▶ Work required:
Please transcribe exactly, and only, the lines of the data below between the line holding "Surat Imbauan tertanggal" and the line holding "6月5日中午,拼搏在线(中国", inclusive.

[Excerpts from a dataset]

★ ★ ★ ★ ★ ★ ★

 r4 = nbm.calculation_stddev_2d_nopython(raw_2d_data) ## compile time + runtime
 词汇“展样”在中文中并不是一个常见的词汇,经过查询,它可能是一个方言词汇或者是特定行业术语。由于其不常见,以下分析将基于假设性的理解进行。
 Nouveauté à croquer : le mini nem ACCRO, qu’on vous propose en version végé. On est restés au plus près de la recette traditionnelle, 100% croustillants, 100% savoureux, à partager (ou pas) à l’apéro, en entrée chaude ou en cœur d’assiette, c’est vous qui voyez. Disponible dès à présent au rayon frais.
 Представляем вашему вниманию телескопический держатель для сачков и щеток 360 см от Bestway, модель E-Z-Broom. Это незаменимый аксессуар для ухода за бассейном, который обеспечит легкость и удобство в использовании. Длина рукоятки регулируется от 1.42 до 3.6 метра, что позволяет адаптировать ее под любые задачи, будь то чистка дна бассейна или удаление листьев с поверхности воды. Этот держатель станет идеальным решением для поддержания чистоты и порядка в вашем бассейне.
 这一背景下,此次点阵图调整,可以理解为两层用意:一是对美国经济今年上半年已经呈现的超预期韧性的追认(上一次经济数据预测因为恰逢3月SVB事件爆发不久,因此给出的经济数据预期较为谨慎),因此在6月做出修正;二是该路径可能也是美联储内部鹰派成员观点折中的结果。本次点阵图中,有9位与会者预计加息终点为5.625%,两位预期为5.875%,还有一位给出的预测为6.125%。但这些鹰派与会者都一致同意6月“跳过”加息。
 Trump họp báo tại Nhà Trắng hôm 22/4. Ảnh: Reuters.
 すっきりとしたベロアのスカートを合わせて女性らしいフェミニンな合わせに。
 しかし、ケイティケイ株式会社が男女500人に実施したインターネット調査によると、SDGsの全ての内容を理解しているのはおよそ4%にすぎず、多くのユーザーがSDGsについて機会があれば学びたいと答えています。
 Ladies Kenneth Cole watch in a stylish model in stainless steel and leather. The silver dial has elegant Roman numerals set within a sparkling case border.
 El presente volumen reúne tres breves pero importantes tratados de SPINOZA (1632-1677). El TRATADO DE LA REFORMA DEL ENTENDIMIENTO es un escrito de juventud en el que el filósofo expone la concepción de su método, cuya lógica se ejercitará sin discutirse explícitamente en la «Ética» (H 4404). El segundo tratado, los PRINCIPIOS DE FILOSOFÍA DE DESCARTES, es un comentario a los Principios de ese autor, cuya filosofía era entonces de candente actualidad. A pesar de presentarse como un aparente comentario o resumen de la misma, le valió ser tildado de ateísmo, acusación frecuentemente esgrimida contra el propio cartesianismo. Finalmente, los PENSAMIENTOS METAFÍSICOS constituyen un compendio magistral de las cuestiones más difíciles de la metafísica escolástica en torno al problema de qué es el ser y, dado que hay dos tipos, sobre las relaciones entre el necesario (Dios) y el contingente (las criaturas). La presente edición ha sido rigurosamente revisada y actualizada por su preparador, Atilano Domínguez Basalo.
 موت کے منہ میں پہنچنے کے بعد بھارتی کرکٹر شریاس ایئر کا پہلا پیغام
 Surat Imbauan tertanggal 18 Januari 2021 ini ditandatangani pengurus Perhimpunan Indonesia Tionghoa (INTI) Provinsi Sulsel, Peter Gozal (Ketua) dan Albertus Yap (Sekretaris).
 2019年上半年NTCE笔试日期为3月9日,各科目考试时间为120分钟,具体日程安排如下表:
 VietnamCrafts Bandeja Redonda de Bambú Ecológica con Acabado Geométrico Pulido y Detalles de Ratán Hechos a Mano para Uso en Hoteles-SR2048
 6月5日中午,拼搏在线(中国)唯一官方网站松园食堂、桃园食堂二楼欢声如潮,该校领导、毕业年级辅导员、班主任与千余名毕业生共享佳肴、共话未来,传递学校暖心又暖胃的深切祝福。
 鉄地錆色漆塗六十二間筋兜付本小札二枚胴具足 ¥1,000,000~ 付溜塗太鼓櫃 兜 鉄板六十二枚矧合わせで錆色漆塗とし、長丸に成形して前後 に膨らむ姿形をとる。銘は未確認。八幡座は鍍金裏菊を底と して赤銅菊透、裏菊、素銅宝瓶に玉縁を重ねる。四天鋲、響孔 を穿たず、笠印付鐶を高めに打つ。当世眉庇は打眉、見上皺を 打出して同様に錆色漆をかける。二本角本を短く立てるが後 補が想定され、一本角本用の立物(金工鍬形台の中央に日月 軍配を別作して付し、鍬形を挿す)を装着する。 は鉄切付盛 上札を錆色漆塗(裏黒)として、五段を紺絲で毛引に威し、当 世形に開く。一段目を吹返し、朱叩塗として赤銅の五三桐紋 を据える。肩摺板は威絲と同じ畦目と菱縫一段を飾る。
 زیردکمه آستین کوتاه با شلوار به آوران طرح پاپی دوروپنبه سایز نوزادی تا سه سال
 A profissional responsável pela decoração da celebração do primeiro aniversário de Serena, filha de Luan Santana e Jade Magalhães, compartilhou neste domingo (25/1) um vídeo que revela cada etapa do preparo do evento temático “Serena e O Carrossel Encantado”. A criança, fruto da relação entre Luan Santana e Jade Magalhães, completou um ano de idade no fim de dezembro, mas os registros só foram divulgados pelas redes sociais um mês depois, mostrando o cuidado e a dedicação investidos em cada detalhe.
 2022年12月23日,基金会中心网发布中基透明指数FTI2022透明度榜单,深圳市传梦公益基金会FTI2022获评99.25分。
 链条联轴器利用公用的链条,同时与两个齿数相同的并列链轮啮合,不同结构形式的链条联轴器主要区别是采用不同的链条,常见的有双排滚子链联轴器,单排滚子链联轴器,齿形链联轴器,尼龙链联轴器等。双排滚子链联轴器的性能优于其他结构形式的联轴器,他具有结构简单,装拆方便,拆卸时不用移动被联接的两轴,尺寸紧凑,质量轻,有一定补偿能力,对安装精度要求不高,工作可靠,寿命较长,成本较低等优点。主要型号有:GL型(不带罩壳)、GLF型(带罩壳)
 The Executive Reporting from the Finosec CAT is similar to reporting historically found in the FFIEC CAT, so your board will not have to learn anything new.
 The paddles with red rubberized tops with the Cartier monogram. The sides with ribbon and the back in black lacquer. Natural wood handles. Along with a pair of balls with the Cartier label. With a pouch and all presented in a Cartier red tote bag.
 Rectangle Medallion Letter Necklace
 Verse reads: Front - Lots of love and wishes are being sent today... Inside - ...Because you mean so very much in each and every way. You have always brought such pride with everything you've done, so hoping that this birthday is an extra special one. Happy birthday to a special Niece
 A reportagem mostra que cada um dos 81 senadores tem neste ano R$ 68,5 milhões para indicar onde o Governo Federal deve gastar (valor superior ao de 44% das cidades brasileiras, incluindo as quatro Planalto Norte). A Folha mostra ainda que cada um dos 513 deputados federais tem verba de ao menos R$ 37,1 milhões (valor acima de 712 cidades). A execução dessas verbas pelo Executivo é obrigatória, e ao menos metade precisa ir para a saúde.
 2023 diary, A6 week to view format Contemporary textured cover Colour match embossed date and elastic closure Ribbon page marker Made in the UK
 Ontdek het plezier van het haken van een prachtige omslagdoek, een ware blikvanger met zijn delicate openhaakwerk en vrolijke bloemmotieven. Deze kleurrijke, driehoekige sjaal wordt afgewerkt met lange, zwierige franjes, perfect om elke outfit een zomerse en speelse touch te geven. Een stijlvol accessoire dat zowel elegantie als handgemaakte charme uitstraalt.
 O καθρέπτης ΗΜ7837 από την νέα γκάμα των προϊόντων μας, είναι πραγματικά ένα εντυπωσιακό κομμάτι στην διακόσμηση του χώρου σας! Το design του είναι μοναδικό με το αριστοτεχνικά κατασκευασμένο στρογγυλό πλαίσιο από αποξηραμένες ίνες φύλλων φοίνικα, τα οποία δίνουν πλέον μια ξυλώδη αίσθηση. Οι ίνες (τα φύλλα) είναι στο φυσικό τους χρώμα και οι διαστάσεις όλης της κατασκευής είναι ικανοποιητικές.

★ ★ ★ ★ ★ ★ ★

▶ Output below:
 Surat Imbauan tertanggal 18 Januari 2021 ini ditandatangani pengurus Perhimpunan Indonesia Tionghoa (INTI) Provinsi Sulsel, Peter Gozal (Ketua) dan Albertus Yap (Sekretaris).
 2019年上半年NTCE笔试日期为3月9日,各科目考试时间为120分钟,具体日程安排如下表:
 VietnamCrafts Bandeja Redonda de Bambú Ecológica con Acabado Geométrico Pulido y Detalles de Ratán Hechos a Mano para Uso en Hoteles-SR2048
 6月5日中午,拼搏在线(中国)唯一官方网站松园食堂、桃园食堂二楼欢声如潮,该校领导、毕业年级辅导员、班主任与千余名毕业生共享佳肴、共话未来,传递学校暖心又暖胃的深切祝福。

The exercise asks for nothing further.